**Recorded information**
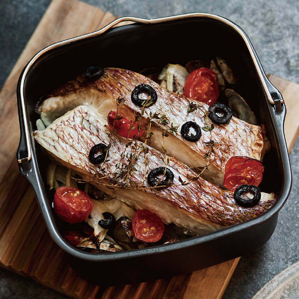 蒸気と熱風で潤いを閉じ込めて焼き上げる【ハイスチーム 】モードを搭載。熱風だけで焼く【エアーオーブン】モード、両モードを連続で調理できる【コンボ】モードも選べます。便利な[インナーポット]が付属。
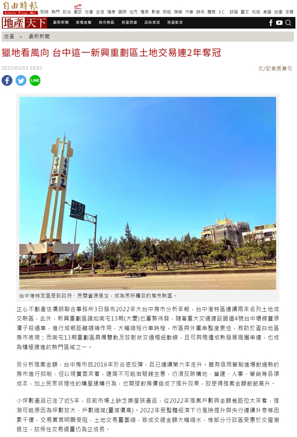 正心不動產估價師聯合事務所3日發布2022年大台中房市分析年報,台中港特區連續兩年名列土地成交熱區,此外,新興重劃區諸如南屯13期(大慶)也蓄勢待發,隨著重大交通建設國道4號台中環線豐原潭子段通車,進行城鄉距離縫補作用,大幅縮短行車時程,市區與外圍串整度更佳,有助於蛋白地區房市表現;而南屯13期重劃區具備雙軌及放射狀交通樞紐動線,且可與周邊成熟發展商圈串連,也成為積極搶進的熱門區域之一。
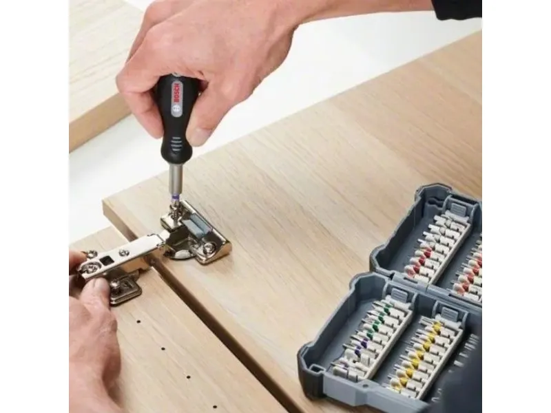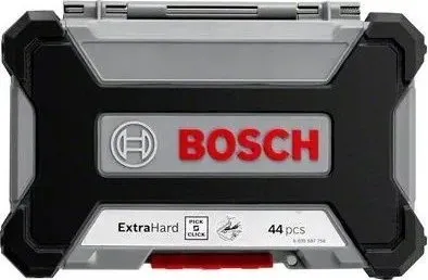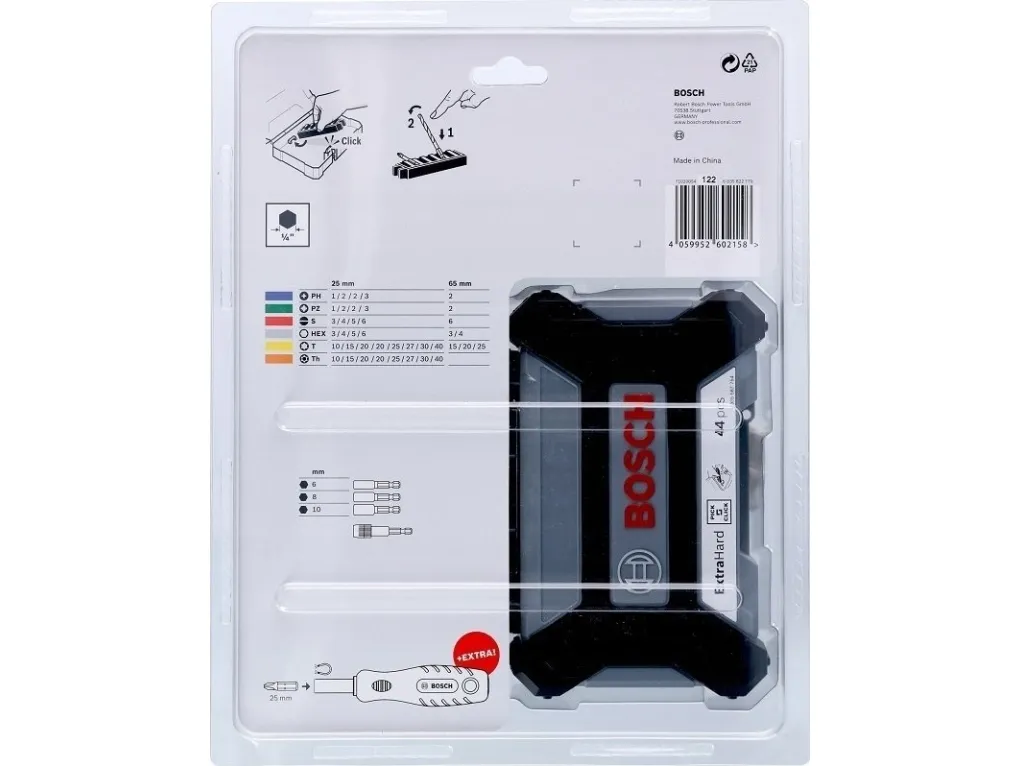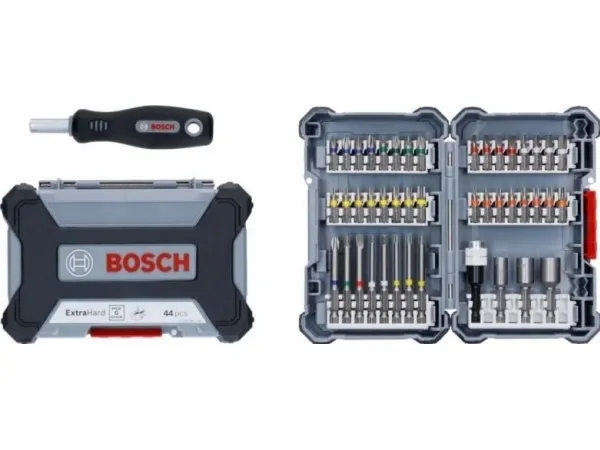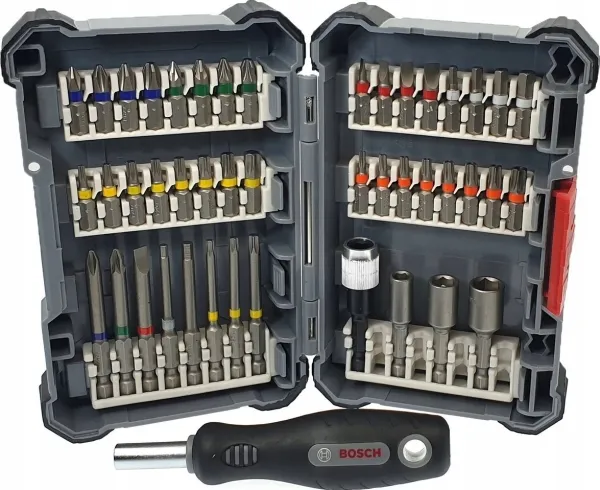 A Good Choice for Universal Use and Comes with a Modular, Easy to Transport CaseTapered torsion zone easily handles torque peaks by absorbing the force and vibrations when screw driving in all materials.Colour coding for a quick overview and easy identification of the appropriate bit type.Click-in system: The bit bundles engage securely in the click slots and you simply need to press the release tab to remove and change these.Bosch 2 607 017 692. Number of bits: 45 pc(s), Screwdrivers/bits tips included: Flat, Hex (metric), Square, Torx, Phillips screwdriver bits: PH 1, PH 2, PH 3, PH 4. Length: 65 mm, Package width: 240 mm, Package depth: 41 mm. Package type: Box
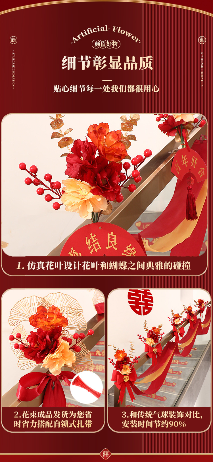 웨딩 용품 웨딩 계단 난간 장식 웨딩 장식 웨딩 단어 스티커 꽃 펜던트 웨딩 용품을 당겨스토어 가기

**Exercise prompt**
No picture belongs in the copy; return the rest of the listing exactly.

**Answer to the problem**
 蒸気と熱風で潤いを閉じ込めて焼き上げる【ハイスチーム 】モードを搭載。熱風だけで焼く【エアーオーブン】モード、両モードを連続で調理できる【コンボ】モードも選べます。便利な[インナーポット]が付属。
 正心不動產估價師聯合事務所3日發布2022年大台中房市分析年報,台中港特區連續兩年名列土地成交熱區,此外,新興重劃區諸如南屯13期(大慶)也蓄勢待發,隨著重大交通建設國道4號台中環線豐原潭子段通車,進行城鄉距離縫補作用,大幅縮短行車時程,市區與外圍串整度更佳,有助於蛋白地區房市表現;而南屯13期重劃區具備雙軌及放射狀交通樞紐動線,且可與周邊成熟發展商圈串連,也成為積極搶進的熱門區域之一。
 A Good Choice for Universal Use and Comes with a Modular, Easy to Transport CaseTapered torsion zone easily handles torque peaks by absorbing the force and vibrations when screw driving in all materials.Colour coding for a quick overview and easy identification of the appropriate bit type.Click-in system: The bit bundles engage securely in the click slots and you simply need to press the release tab to remove and change these.Bosch 2 607 017 692. Number of bits: 45 pc(s), Screwdrivers/bits tips included: Flat, Hex (metric), Square, Torx, Phillips screwdriver bits: PH 1, PH 2, PH 3, PH 4. Length: 65 mm, Package width: 240 mm, Package depth: 41 mm. Package type: Box
 웨딩 용품 웨딩 계단 난간 장식 웨딩 장식 웨딩 단어 스티커 꽃 펜던트 웨딩 용품을 당겨스토어 가기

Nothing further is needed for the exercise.